遺伝的に肥満になりやすい人でも肥満を防げるエクササイズがある?

遺伝的に肥満になりやすい人でも肥満を防げるエクササイズがある?

私たちは経験的に、遺伝的に太りやすい家系と太りにくい家系があるのではないかと思っています。

それでは、遺伝的に太りやすい肥満遺伝子を持っている人は、太るのが必然になってしまいますが、それは運命なのでしょうか?
最近の研究では、先天的なものだけではなく、後天的つまり環境のほうが大きく左右されることが分かってきています。

肥満問題のひとつの解決方法は運動です。

それでは、代々肥満遺伝子を受け継いでしまった肥満になりやすい人にとって最適な運動はあるのでしょうか?

8月1日に発表された研究内容で、そんな肥満遺伝子を持つ人でも、効果の高い運動法が見つかったようです。

「肥満遺伝子」を持っていてもジョギングと5つのエクササイズが肥満を防ぐ

 
ランニングマシンで走る女性
 
ここからです。
 
肥満になる可能性を高める遺伝子を受け継いだ人にとっては、体重を増加を抑えたいという希望があります。
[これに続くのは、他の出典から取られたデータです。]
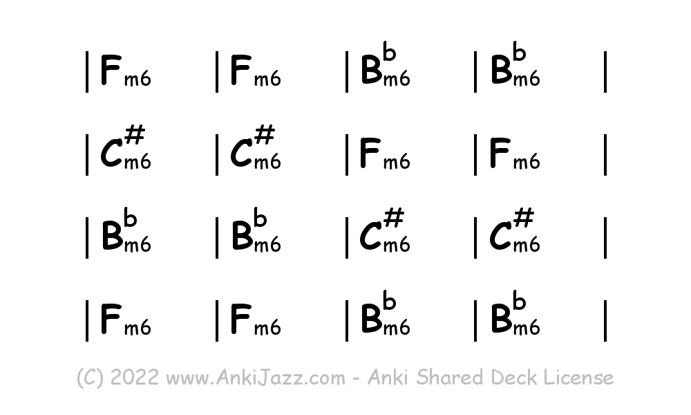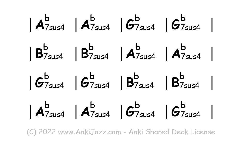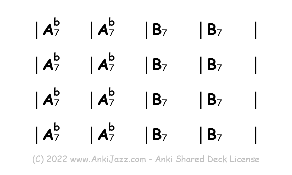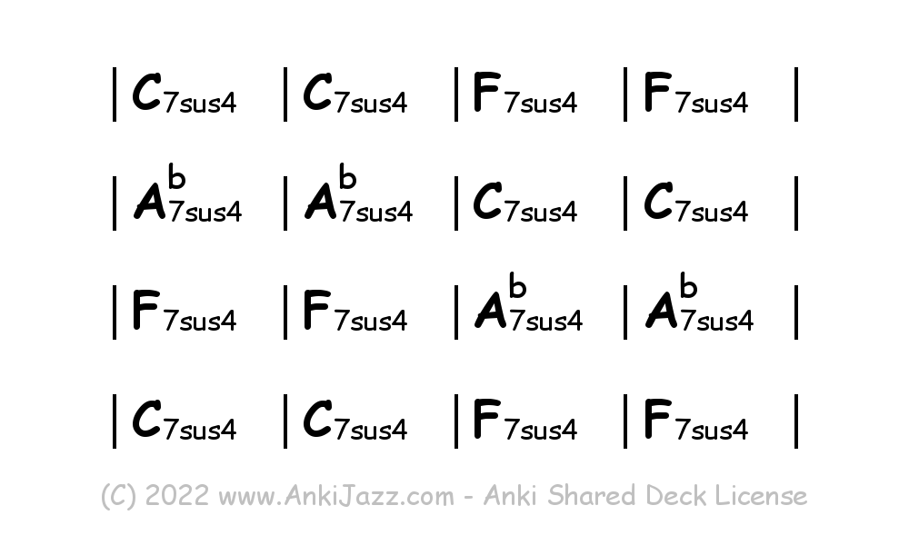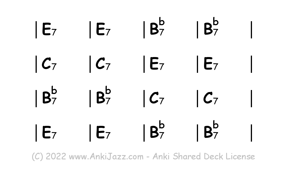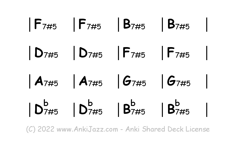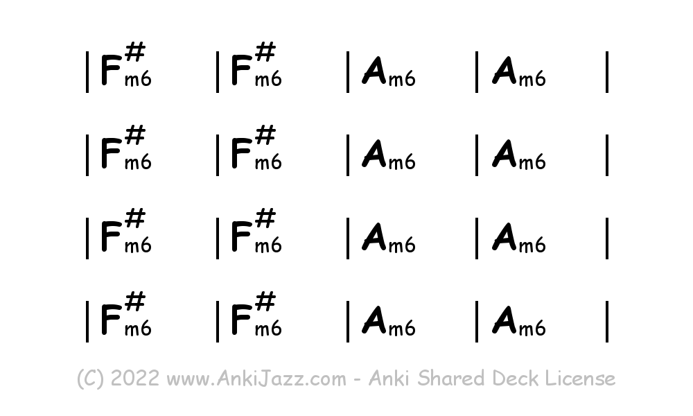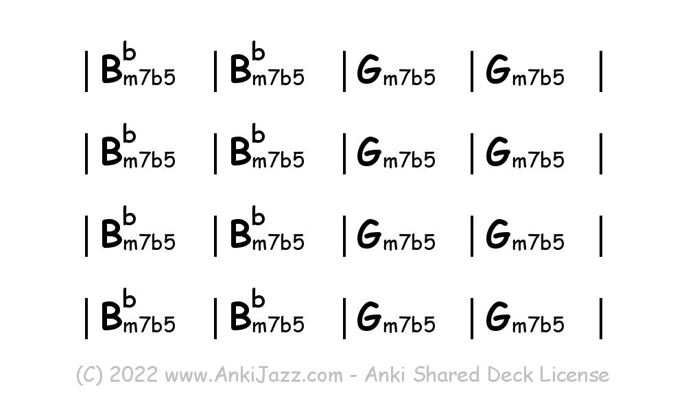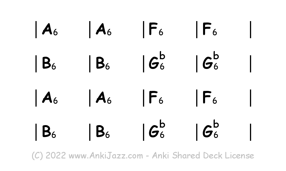 This deck contains chords and chord progressions commonly used in Jazz and other music styles. See full documentation on AnkiJazz.com.

国立台湾大学のワン・ユリン(Wan-Yu Lin)による研究は、肥満を増長する遺伝的影響と戦うのに特に効果的な運動の種類を特定したと、8月1日のPLOS Genetics誌に発表した。
 

世界中で肥満は、人の遺伝学とライフスタイルの間で相互に作用にするため、コントロールするのが困難です。
医師はしばしば運動を勧めますが、遺伝により肥満になりやすい人の体重増加を抑えるのにどんな種類の運動が最適なのかは明確ではありません。
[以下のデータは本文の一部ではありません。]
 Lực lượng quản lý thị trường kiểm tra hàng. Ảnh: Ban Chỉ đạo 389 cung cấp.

30~70歳の18,424人の漢民族(中国で一番多い民族)の成人を対象とした新しい研究では、個人の遺伝と自己報告された運動習慣との関係性を調査した。
研究者は、肥満指数(BMI)、体脂肪率、ウエストヒップ比など、肥満の5つの指標に特に注目し、定期的なジョギングが肥満をコントロールするためには最適の運動の一つであることがわかった。また、登山、ウォーキング、パワーウォーキング、特定の種類のダンス、長時間のヨガの練習も、肥満になりやすい個人のBMIを低下させる。しかし驚くべきことに、サイクリング、ストレッチ運動、水泳、ダンスダンスレボリューション(アーケードの音楽ゲーム)は、肥満に対する遺伝的影響を防ぐことはなかった。
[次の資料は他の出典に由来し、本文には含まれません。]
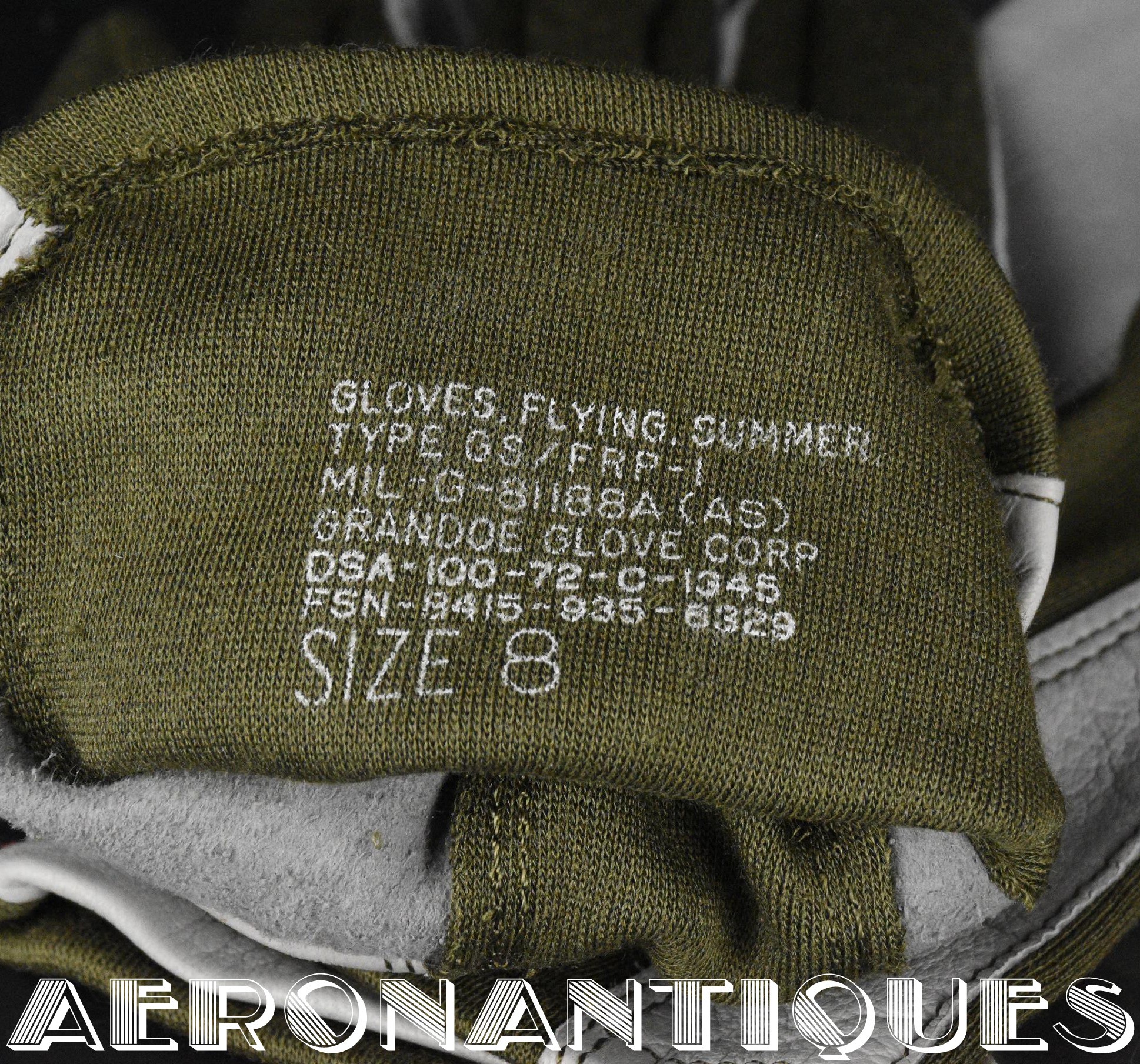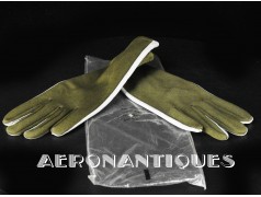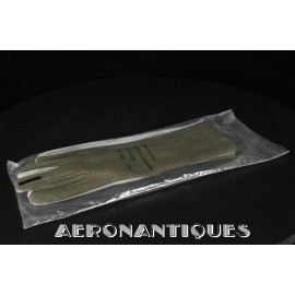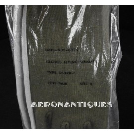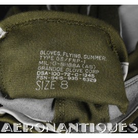 US Navy or Air Force pilot flying gloves type FRP-1 dated 1972, made by GRANDOE GLOVE CORP. Made of fire retardant Nomex fabric with leather palm. Size 8. Mint condition with original packing. Mandatory for Air Force and Navy flyers from the end of the 60's, they will supersede the tradtional leather B3-A flying gloves. Scarce item to find with a Vietnam era matching manufacturing date, also issued to US Army helicopter pilots.

全体として、この研究では、肥満に関して遺伝学は運命ではなく、何種類かの運動を定期的に行うことで、その肥満遺伝子の影響を軽減できることを示唆しています。以前の研究は、頻繁な身体活動が肥満に対する遺伝的影響を鈍らせることを示しましたが、これらの研究はBMIのみに焦点を合わせていました。この新しい研究では、代謝の問題により密接に関連している肥満の他の4つの尺度も考慮しているが、肥満は深刻な公衆衛生上の課題でもあるため、運動の利点だけを誇張することはできない。

ここまで

*訳者注:パワーウォーキングとは、ドイツ人ハートヴィッヒ・ガウダー氏が提唱する歩き方だそうです。
 ウォーキングをする際にただ歩くだけでなく、いつもより歩幅を広げて早足で歩いたり、坂道や階段を積極的に歩いたりするなどパワーアップをすることで、体力の向上、体脂肪の減少、筋肉の柔軟性が高まります。ウォーキングの効果を最大に引き出すには、自分の体にかかる負担を正確に見定める必要があります。その目安となるのが心拍数で、パワーウォーキングでは心拍数を基に個人個人にあったウォーキング方法を実践します。

以下にリンクを貼っておきます。

パワーウォーキングクラブ日本本部サイト

記事にもあるように、

<驚くべきことにサイクリング、ストレッチ、水泳には肥満に対する遺伝的影響を防ぐことはなかった>

この研究報告は、衝撃的です。

肥満の方は、そもそも身体が重く、膝などを痛めてしまっていることも多いですから、走ることはおろか歩くことさえ辛いこともあり、こういったには通常の運動をおすすめできない場合もありますが、水泳なら水の浮力によって膝への負担が少ない事から勧めることができると考えていました。

運動することによってのダイエット効果はあるものの、この研究では遺伝的影響を予防することはなかった、と報告しています。

まぁ、この研究報告では遺伝的な影響の有無を調べることなので、運動の効果が無いとは言っていません。とにかく、何種類かの運動組みあわせて定期的に行うことについては確かに健康にとって良い効果があるのですから、続けて欲しいものです。